Based on Dynamic Programming sentence input method

In General,We will not useDynamic ProgrammingCall it the algorithm for the problem "Dynamic Programming”,But called "Hidden Markov Models”,but,If we simply use the dynamic programming algorithm to solve a common directed acyclic graph,Then it can only be said to be dynamic planning ......

This time we want for the,It is based on the thesaurusWhole sentence inputlaw。The hidden Markov model is not based on the state transition Solution。


Since no model,ourWhole sentence inputIt is based on the vocabulary,We need a thesaurus。The thesaurus should record the most ordinary common vocabulary,And one thing isFrequency (weight)You must be correct。

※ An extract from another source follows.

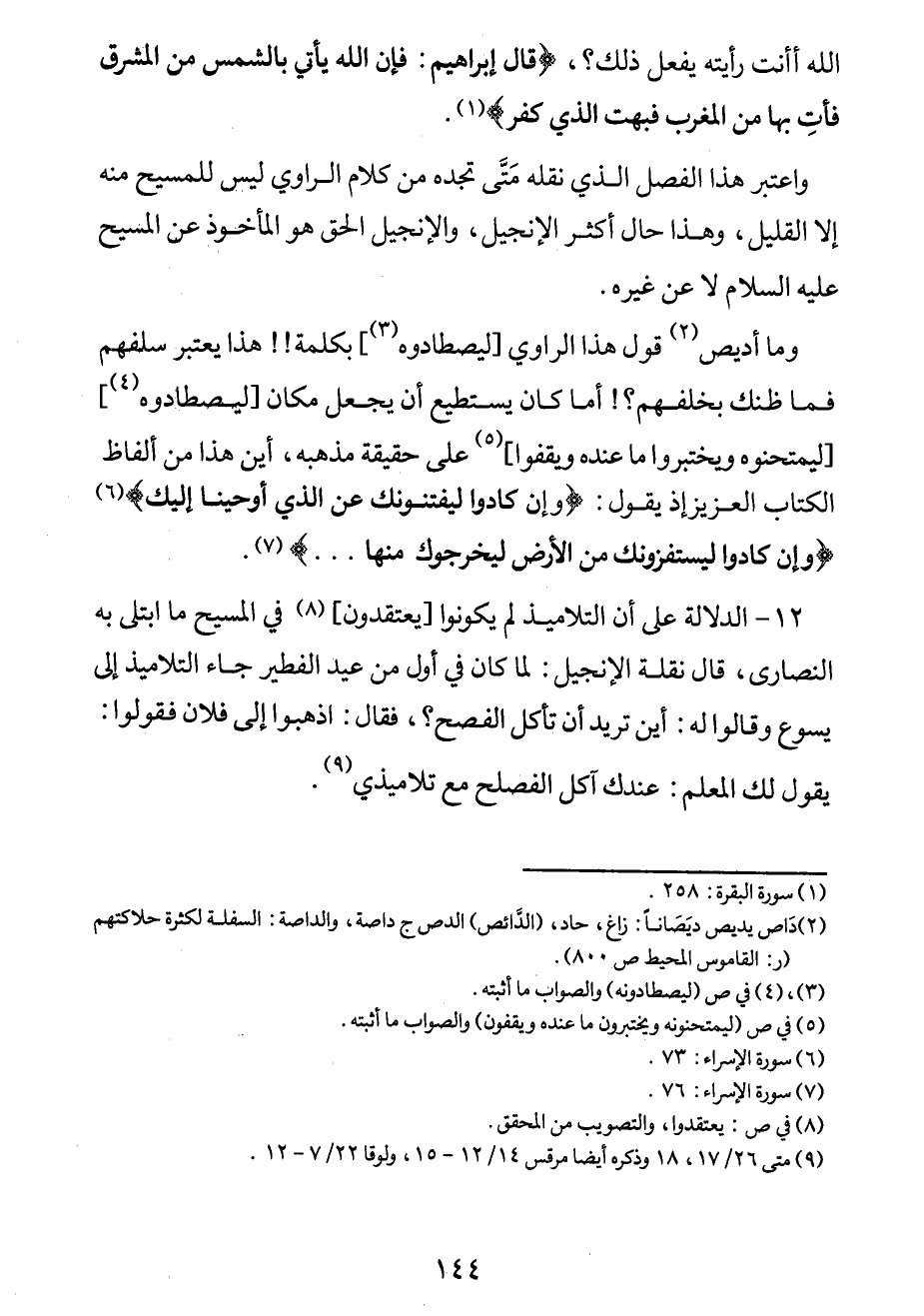 وما أديص1 قول هذا الراوي [ليصطادوه] 2 بكلمة!! هذا يعتبر سلفهم فما ظنّك بخلفهم؟! أما كان يستطيع أيجعل مكان [ليصطادوه] 3 [ليمتحنوه ويختبروا ما عنده ويقفوا] 4 على حقيقة مذهبه، أين هذا من ألفاظ الكتاب العزيز إذ يقول: {وَإِنْ كَادُوا لَيَفْتِنُونَكَ عَنِ الَّذِي أَوْحَيْنَا إِلَيكَ} . [سورة الإسراء، الآية: 73] . {وَإِن كَادُوا لَيَسْتَفِزُّونَكَ مِنَ الأَرْضِ لِيُخْرِجُوكَ مِنْهَا ... } . [سورة الإسراء، الآية: 76] .

You can understand,When you enter a string of pinyin time,Each tone corresponds a lot of text,If you look at every single word,There will be too many words corresponding - this is called the weight code。While the corresponding dictionary words,If the user enters a word,Then we hit the thesaurus priority,Thus,Since the code words long,Then the probability of re-code number and greatly reduced,Coupled with Frequency,We can get a more in line with common sense candidate word sequence for the user to choose the。

But the sentence it? When the user inputs too long to match words from the lexicon to time,How can we do it?

Sentence calculation

Simple Edition

According to the above principle,We follow the idea Think,Such a long sentence,We can consider splitting them open,For example, front to back,Followed by matching to find the maximum (long) Vocabulary,Then the input sentence can be achieved!

For example, you enter round/give/shu/ru/does/The/neng/shi/qi/jin/wei/zhi/zui/hao/yong/from/shu/ru/does

Then I follow from front to back in sequence through each sound,Most likely find that,This is probably a result of,The answer depends on how bad your thesaurus:

Rogge / IME / may be its / Guards / organic is best to use / / input method

Obviously,This is what we want from the very far worse。If you make so that you release,So users have to kill you。So,We change the thinking,Or sequentially matching the longest possible word,But it does not automatically match all,From the first to be able to match words beginning,Pause computing allows users to choose their own suitable candidate。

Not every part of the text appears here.